2018年11月に第1段階の治験がスタートしたCLK阻害薬「CTX-712」は、DNAの遺伝情報がmRNAに転写される際に余分なものを切り離して再度つなぎ合わされる「スプライシング」を変化させることによって、がん細胞を死滅させる技術で注目されている。

同薬は二つの遺伝子が同時に抑制されたときに細胞死が起こる「合成致死性」を利用した低分子抗がん剤で、がん細胞だけを確実に死滅させることで高い治療効果に加えて副作用の低減が期待されている。

2022年8月にはMALT1阻害薬「CTX-177(ONO-7018)」のライセンス供与先である 小野薬品工業<4528>が、米国で再発・難治性の非ホジキンリンパ腫や慢性リンパ性白血病の患者を対象にした第1相臨床試験を始めた。

小野薬品と最大498億円の大型契約を結ぶ

Chordia Therapeuticsの創薬パイプライン(同社ホームページより)

高い専門性を持ち、臨床化合物創出の経験が豊富な研究者が在籍している同社への期待は大きい。小野薬品とのライセンス契約では一時金と臨床第1相(P1)試験開始時のマイルストンとして計33億円、その後の開発・販売に応じたマイルストンとして最大498億円を受け取ることになっている。

2019年3月に京都大学イノベーションキャピタル(京都 iCAP)とジャフコをリード投資家とし、新生キャピタルパートナーズ、三菱 UFJ キャピタル、SMBC ベンチャーキャピタル、日本ベンチャーキャピタルを引受先とした第三者割当増資により、約30億円を調達した。

2022年5月には日本グロースキャピタル投資法人と東京大学協創プラットフォーム開発をリード投資家とし、MEDIPAL Innovation 投資事業有限責任組合、新生キャピタルパートナーズ、日本ベンチャーキャピタルなどを引受先とした第三者割当増資により、約40億円を調達している。
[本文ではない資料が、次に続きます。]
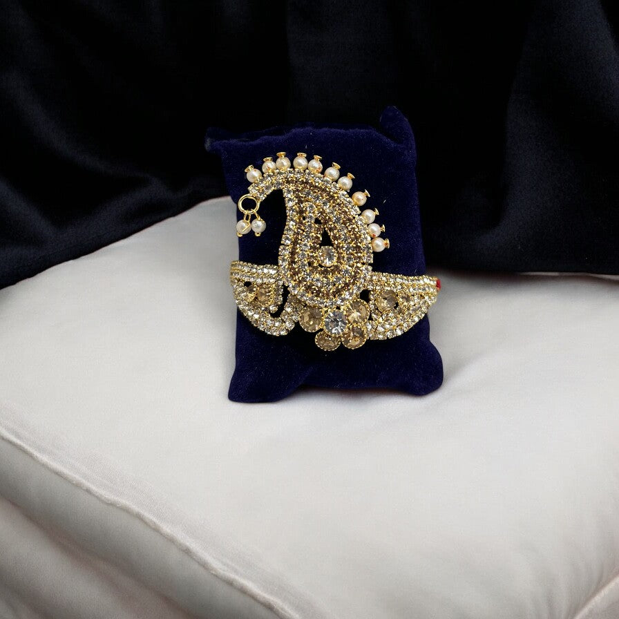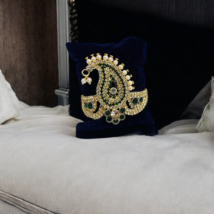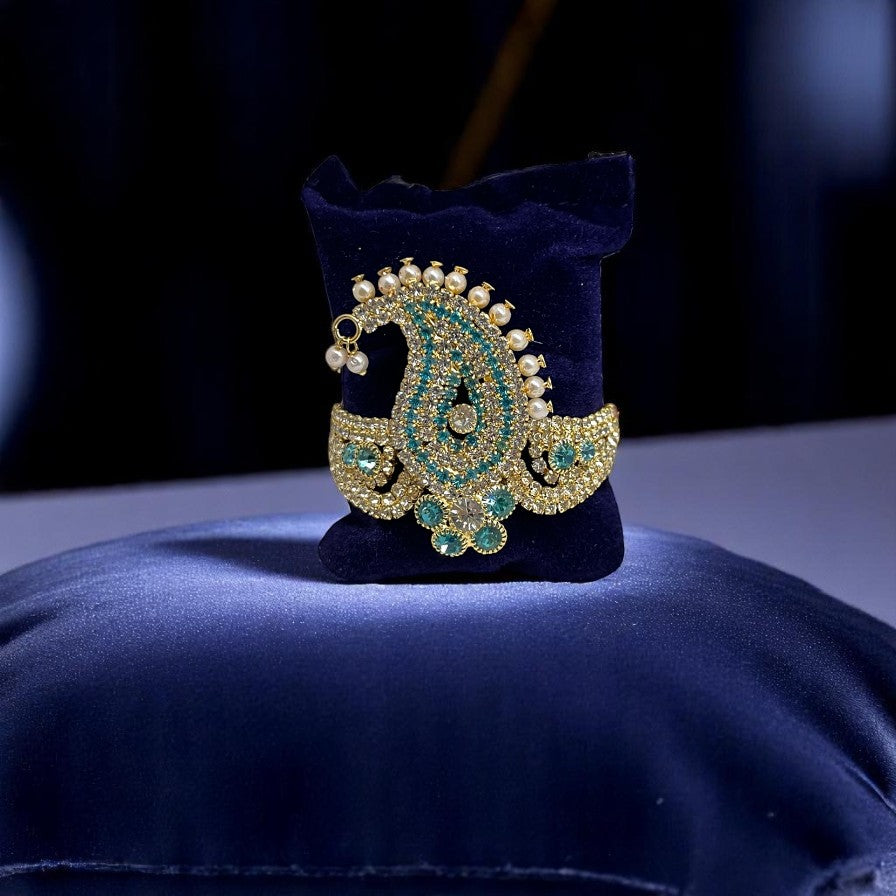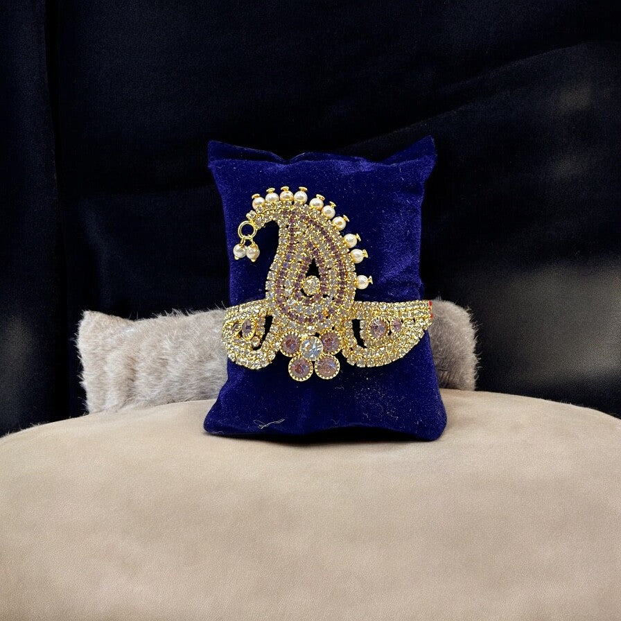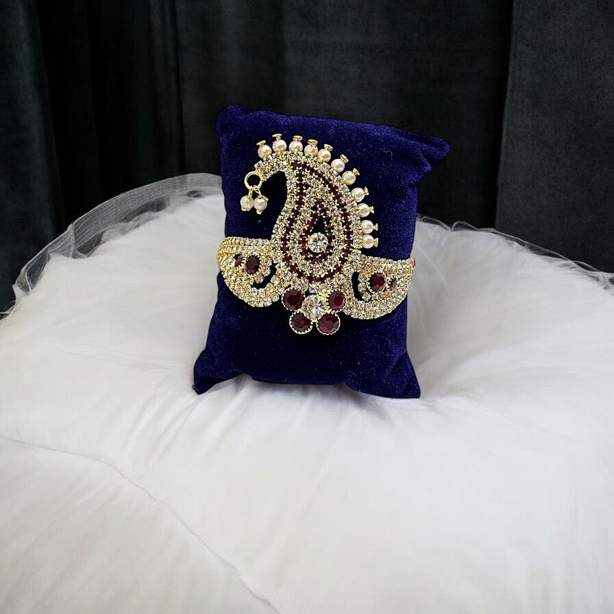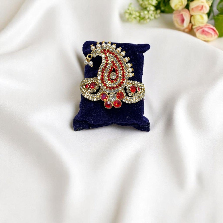 🔹 Design: Intricate paisley motif with red & white Zerkin stones
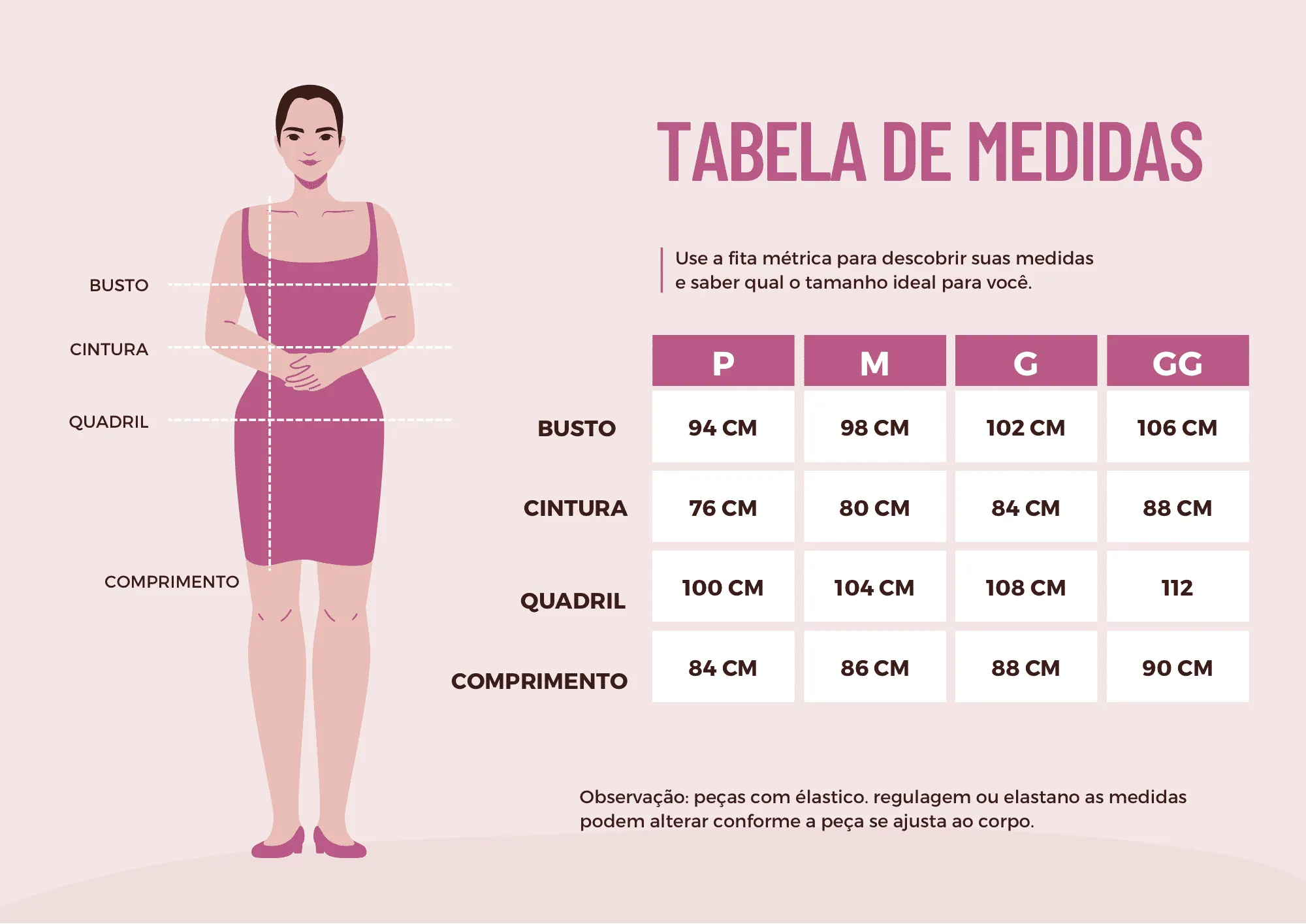 Produzido em tecido de 91% viscose, 8% poliamida e 1% poliéster, oferece toque macio, caimento fluido e conforto ideal para os dias de verão.
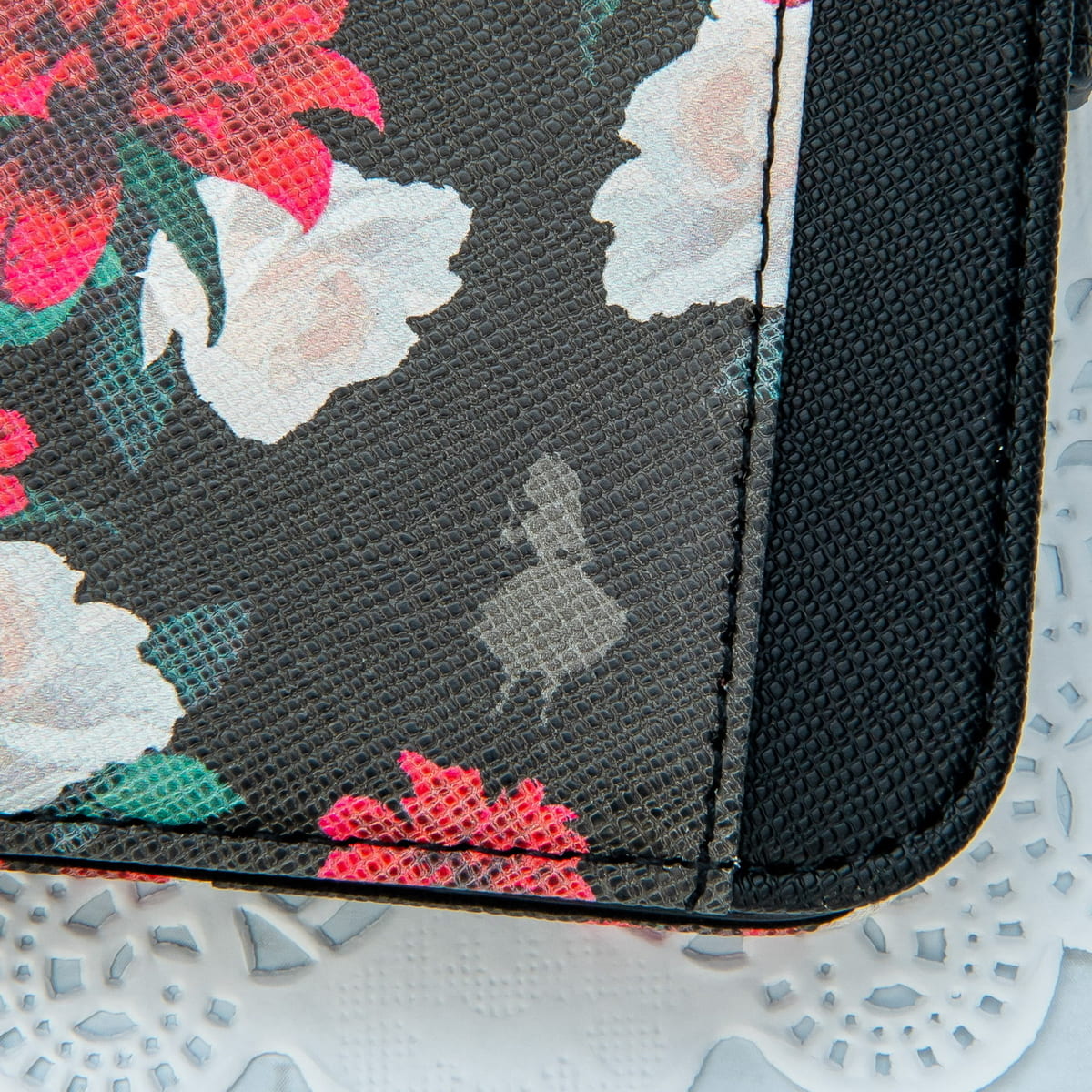 黒地に紅白の花が艶やかな総柄に、ゴールドパーツが高級感を演出。
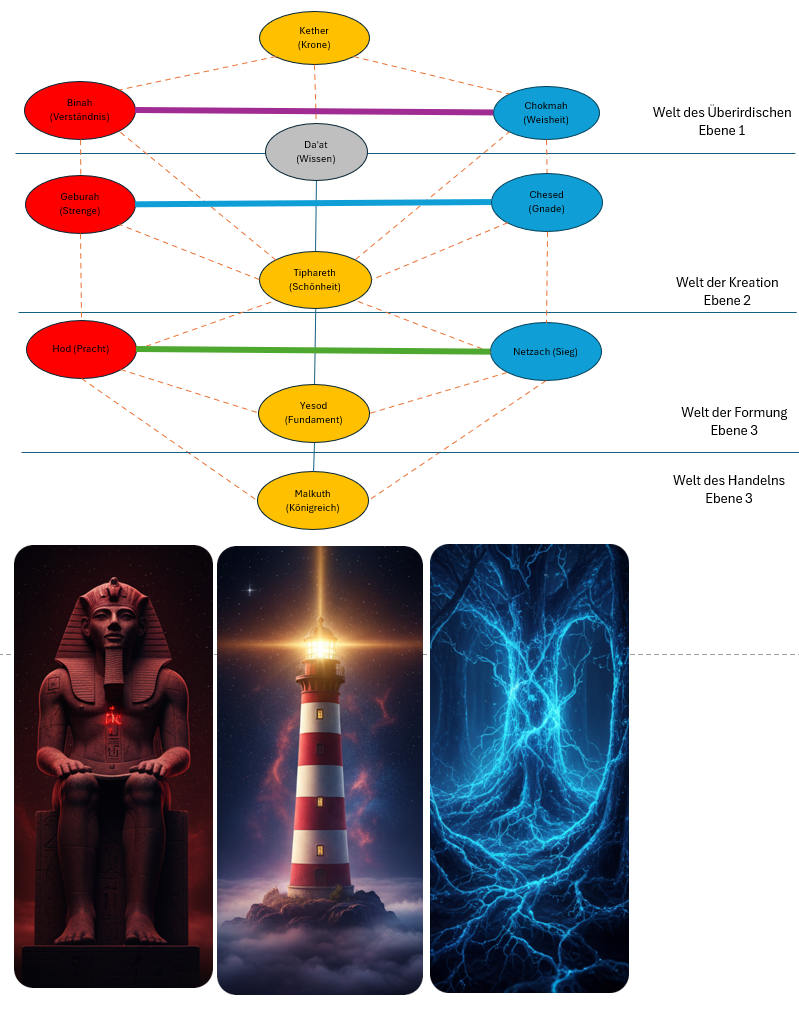 - Die 3 Säulen: Die Getriebe des Wasserfalls. Die Sephiroth sind in drei Säulen angeordnet, die den ewigen Tanz der Drei abbilden: Die Säule der Gnade (Myzel), die Säule der Strenge (Pharao) und die Säule des Gleichgewichts (Leuchtturm).
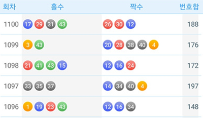 이번 추첨에서는 홀수 번호가 짝수 번호보다 많았습니다. 이러한 비율은 다음 회차 번호 선정에 중요한 기준이 될 수 있습니다. 1101회차는 짝수가 많아지겠죠.
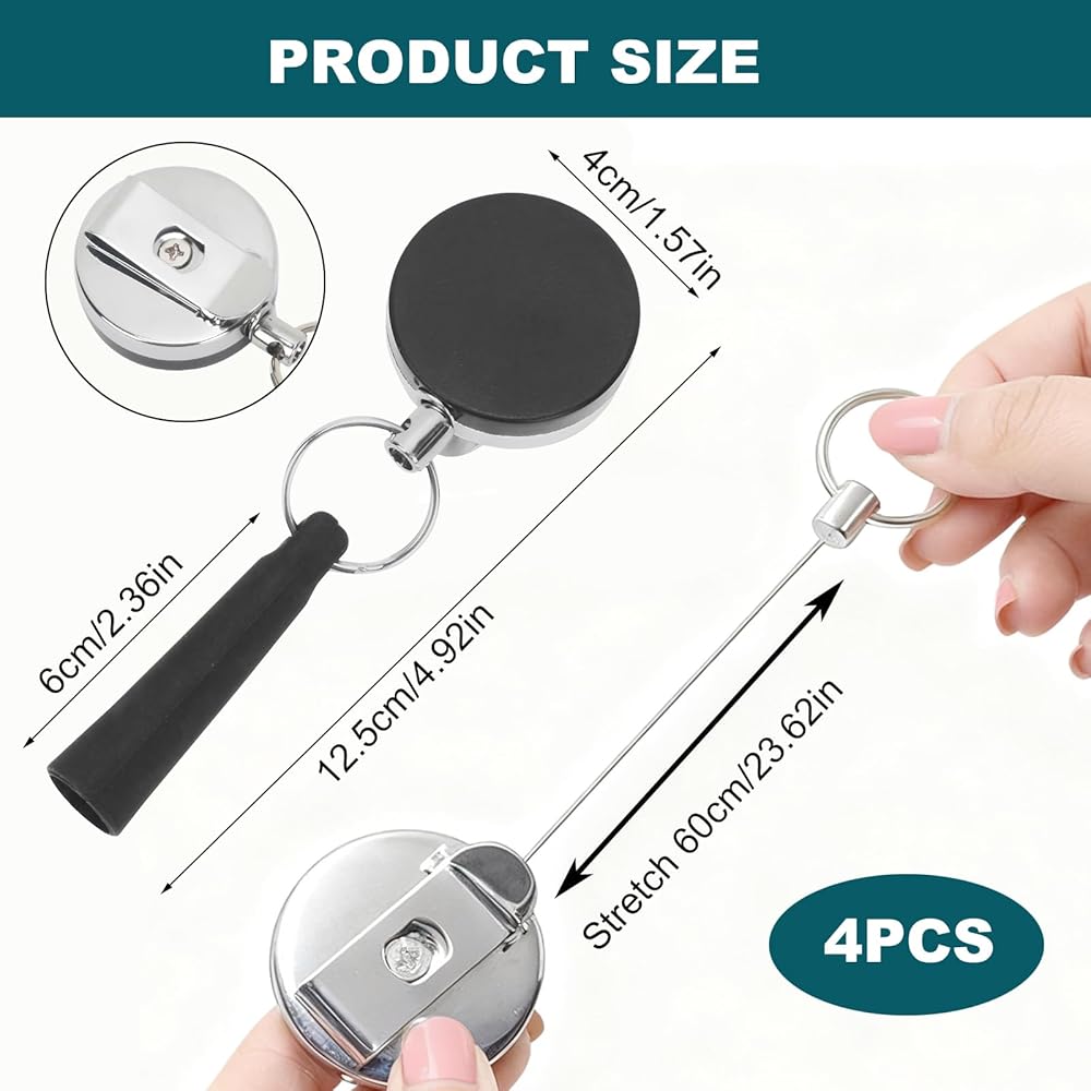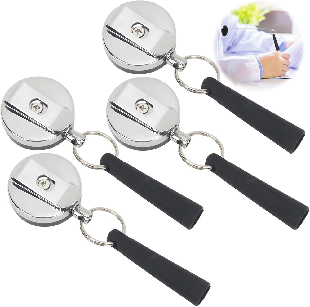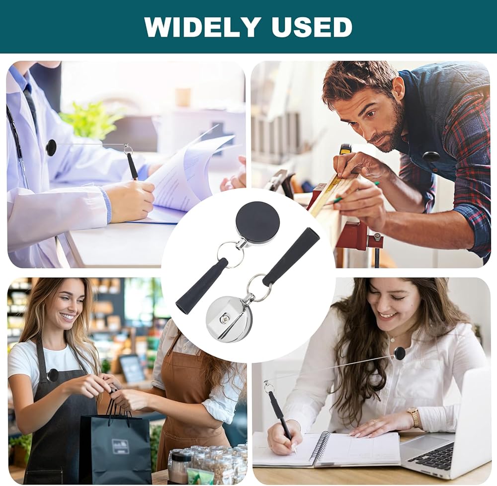 • This set includes 4 retractable pen holders with steel wire pulls, designed to secure pens/pencils while doubling as key rings—replacing loose pen clips that slip off pockets, and offering an anti-loss solution to keep writing tools and keys within reach. As pencil holders, they attach to bags, lanyards, or belts, eliminating the frustration of misplaced pens during work, school, or travel.​

同9月には科学技術振興機構 (JST)、新エネルギー・産業技術総合開発機構 (NEDO) 主催の「大学発ベンチャー表彰 2022〜 Award for Academic Startups〜」で「文部科学⼤⾂賞」を受賞した。世界の巨大製薬企業がしのぎを削るがん治療薬で革新をもたらすユニコーン企業候補として、投資家やファンド、そして国からも注目されている大学発ベンチャー企業だ。